When the company returned to France in October of 1667, Honoré elected to remain. The following year, he signed a commitment to work for a resident of Gaudarville, seeding an arpent of land and clearing felled trees from two other arpents. (Arpents were long narrow parcels of land of about .845 acres, usually along navigable streams.)

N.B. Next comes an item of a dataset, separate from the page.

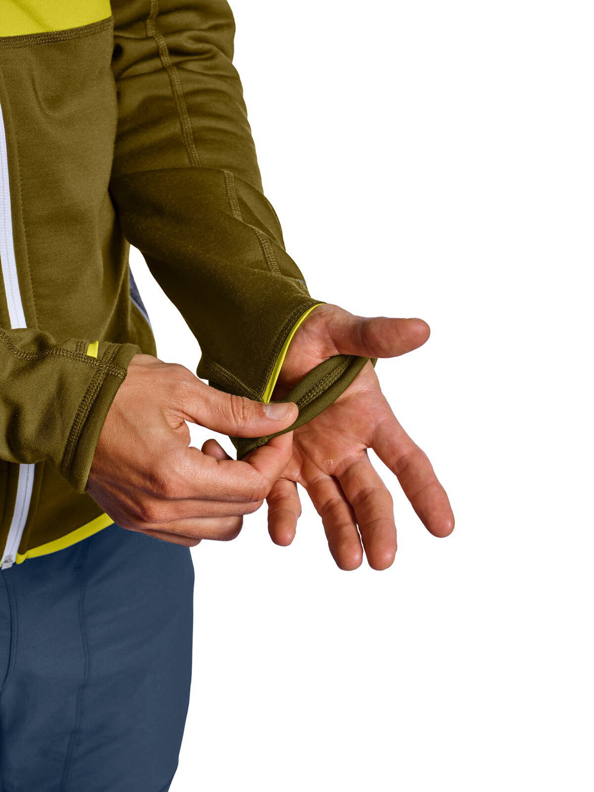 Zwei seitliche Eingriffstaschen mit traditionellem Loden der Firma STEINER halten die Hände warm und bieten Platz für wichtige Kleinigkeiten, die griffbereit sein sollen. Dank einer speziellen Verarbeitungstechnik schließen die Daumenschlaufen optimal ab, sodass selbst hier keine Wärme verloren geht. Damit ist unser FLEECE HOODY für Herren bereit für all deine Winteraktivitäten am Berg und im Tal.

On 26 Nov 1668, he married Marguerite Lamirault in the Church of Notre Dame in Quebec. Marguerite was from Saint-Germain-l’Auxerrois, a parish very near Saint-Eustache.  If they hadn’t known each other in Paris, and she was thirteen years younger, they were familiar with the same neighborhoods.

She had arrived in Quebec that year as a Fille du Roi, daughter of the king. Louis XIV, the Sun King, sponsored the emigration of marriageable girls to Quebec to keep young men from leaving.

Honoré did not make a good farmer. He had to appear before the provost numerous times. Problems included the death of a rented ox, boundary lines, quarrels with neighbors, neglecting to pay debts.

After twenty years, he finally began a new career as a longsawyer in 1688, providing planking and satisfactorily fulfilling contracts.

Marguerite died on 17 Oct 1706 at the age of 62. She’d borne fourteen children, nine of them still living and five not yet married. A year later, Honoré married Marie Marchand, but he had health problems. Four times he was hospitalized. He died between June 1712, when he attended his son Jean’s marriage, and September 1714, when his youngest, Marie-Thérèse married with both parents deceased.